European Molecular Biology Laboratory, European Bioinformatics Institute, Wellcome Genome Campus, Hinxton, Cambridge, United Kingdom.
Mol Genet Genomic Med. 2021 Dec;9(12):e1786. doi: 10.1002/mgg3.1786. Epub 2021 Aug 26.
Variant interpretation is dependent on transcript annotation and remains time consuming and challenging. There are major obstacles for historical data reuse and for interpretation of new variants. First, both RefSeq and Ensembl/GENCODE produce transcript sets in common use, but there is currently no easy way to translate between the two. Second, the resources often used for variant interpretation (e.g. ClinVar, gnomAD, UniProt) do not use the same transcript set, nor default transcript or protein sequence.

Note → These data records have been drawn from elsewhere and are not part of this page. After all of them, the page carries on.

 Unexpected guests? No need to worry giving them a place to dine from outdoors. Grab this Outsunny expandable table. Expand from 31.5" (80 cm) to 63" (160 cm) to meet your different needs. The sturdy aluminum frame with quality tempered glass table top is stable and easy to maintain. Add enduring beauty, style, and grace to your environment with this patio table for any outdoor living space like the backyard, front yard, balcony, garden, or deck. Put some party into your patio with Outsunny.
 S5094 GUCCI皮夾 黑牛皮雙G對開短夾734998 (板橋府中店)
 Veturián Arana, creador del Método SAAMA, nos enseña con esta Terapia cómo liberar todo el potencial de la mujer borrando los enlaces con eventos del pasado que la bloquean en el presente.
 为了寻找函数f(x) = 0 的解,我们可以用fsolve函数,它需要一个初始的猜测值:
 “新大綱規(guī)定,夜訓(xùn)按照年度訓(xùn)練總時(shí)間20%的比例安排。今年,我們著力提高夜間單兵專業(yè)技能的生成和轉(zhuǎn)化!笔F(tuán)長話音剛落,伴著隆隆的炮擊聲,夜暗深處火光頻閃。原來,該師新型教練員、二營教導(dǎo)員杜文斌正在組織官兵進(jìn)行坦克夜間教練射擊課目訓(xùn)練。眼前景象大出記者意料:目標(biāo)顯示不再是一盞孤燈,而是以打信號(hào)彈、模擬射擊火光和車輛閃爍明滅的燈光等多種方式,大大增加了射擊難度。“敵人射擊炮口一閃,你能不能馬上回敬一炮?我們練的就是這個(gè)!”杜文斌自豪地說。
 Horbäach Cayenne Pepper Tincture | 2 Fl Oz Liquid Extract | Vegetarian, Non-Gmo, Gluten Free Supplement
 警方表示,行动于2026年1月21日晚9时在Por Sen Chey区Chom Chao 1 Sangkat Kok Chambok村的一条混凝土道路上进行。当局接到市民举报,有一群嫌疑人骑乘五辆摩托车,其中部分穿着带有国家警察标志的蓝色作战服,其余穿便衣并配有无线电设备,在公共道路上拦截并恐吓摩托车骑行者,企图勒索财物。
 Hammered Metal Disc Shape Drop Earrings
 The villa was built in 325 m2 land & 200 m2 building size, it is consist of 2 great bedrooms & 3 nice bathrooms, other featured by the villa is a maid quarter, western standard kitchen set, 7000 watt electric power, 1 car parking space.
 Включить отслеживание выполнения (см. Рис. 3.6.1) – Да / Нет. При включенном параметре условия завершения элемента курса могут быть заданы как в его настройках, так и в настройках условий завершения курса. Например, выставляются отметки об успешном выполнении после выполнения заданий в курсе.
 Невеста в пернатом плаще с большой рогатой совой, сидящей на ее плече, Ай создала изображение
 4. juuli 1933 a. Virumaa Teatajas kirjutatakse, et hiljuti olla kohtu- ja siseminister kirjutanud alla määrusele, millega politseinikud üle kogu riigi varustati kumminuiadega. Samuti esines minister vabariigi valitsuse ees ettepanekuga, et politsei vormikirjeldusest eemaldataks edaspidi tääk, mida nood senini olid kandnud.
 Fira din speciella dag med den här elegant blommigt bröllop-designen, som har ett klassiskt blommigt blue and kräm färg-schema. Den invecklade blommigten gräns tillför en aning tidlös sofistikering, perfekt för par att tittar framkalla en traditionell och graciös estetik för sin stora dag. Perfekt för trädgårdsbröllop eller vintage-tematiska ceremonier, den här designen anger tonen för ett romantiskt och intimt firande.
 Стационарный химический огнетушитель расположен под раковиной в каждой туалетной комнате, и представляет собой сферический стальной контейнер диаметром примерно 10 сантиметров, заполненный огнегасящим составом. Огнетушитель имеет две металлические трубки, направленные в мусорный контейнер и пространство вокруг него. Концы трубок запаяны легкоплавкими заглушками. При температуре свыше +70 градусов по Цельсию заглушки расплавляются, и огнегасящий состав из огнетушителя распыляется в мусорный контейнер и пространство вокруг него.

Ensembl ran a survey in 2018 to sample attitudes to choosing one default transcript per locus, and to gather data on reference sequences used by the scientific community. This was publicised on the Ensembl and UCSC genome browsers, by email and on social media.
The survey had 788 responses from 32 different countries, the results of which we report here.
We present our roadmap to create an effective default set of transcripts for resources, and for reporting interpretation of clinical variants.
变体解释依赖于转录本注释,仍然耗时且具有挑战性。历史数据的重复使用和新变体的解释存在重大障碍。首先,RefSeq 和 Ensembl/GENCODE 都生成常用的转录本集,但目前没有简便的方法在两者之间进行转换。其次,变体解释常用的资源(例如 ClinVar、gnomAD、UniProt)不使用相同的转录本集,也没有默认的转录本或蛋白质序列。
Ensembl 在 2018 年进行了一项调查,以抽样选择每个基因座的一个默认转录本的态度,并收集有关科学界使用的参考序列的数据。该调查在 Ensembl 和 UCSC 基因组浏览器、电子邮件和社交媒体上进行了宣传。
该调查收到了来自 32 个不同国家的 788 份回复,我们在此报告这些回复的结果。
我们提出了创建资源和报告临床变体解释的有效默认转录本集的路线图。